[[ Data, beginning ]]
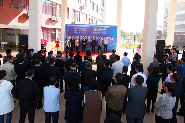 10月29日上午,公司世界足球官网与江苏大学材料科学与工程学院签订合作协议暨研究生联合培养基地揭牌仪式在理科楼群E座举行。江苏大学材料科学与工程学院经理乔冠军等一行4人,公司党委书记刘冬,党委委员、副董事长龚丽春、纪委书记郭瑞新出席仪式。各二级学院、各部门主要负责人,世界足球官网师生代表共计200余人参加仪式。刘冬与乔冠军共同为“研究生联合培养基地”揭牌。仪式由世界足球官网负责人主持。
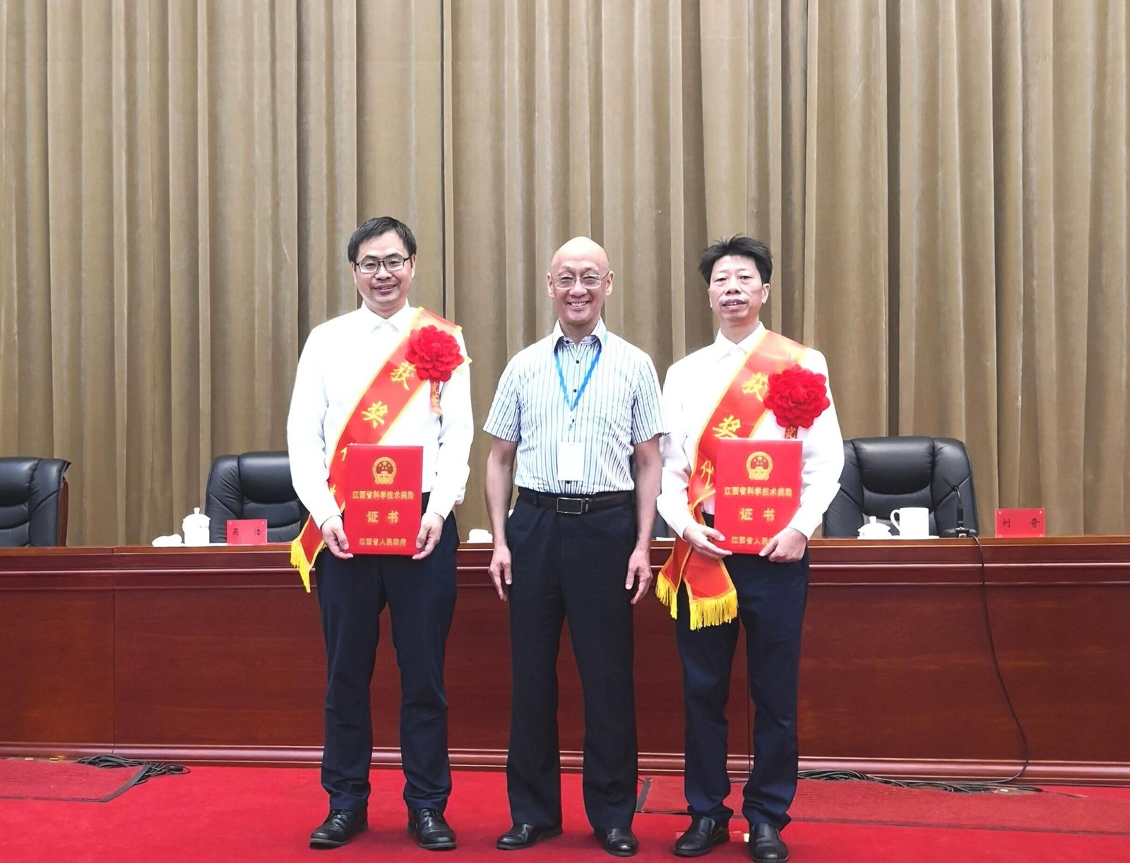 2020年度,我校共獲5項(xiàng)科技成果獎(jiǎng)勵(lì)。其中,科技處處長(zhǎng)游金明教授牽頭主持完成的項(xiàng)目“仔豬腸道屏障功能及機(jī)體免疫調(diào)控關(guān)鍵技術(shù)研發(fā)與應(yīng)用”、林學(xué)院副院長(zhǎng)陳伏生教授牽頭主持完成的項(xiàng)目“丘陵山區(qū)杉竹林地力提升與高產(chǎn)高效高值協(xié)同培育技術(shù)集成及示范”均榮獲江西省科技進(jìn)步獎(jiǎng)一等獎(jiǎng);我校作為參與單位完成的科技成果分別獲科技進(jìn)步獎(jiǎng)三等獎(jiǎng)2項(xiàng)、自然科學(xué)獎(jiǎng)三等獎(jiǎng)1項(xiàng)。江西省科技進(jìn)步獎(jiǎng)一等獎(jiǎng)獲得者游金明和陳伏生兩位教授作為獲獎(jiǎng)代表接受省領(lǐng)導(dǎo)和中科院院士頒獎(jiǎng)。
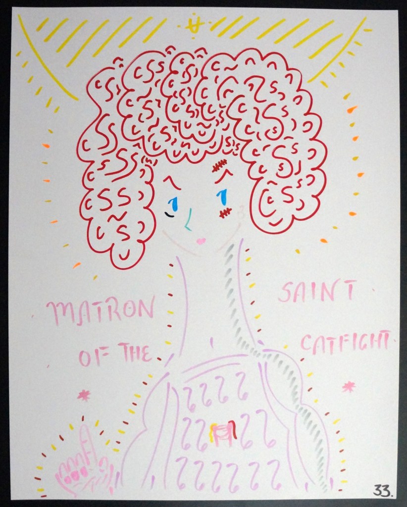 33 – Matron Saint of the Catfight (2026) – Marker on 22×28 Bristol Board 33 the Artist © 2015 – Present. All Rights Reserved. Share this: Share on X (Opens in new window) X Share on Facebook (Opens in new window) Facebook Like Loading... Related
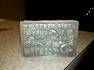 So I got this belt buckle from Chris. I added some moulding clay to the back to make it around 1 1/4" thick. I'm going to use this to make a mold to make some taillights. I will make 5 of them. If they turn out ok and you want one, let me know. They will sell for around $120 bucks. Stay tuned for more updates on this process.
[[ Data, end ]]
◆ What you have to do
Every line from the one with "33 – Matron" through the last line of the data must be copied exactly. Leave the pictures out.

◆ Written answer
 33 – Matron Saint of the Catfight (2026) – Marker on 22×28 Bristol Board 33 the Artist © 2015 – Present. All Rights Reserved. Share this: Share on X (Opens in new window) X Share on Facebook (Opens in new window) Facebook Like Loading... Related
 So I got this belt buckle from Chris. I added some moulding clay to the back to make it around 1 1/4" thick. I'm going to use this to make a mold to make some taillights. I will make 5 of them. If they turn out ok and you want one, let me know. They will sell for around $120 bucks. Stay tuned for more updates on this process.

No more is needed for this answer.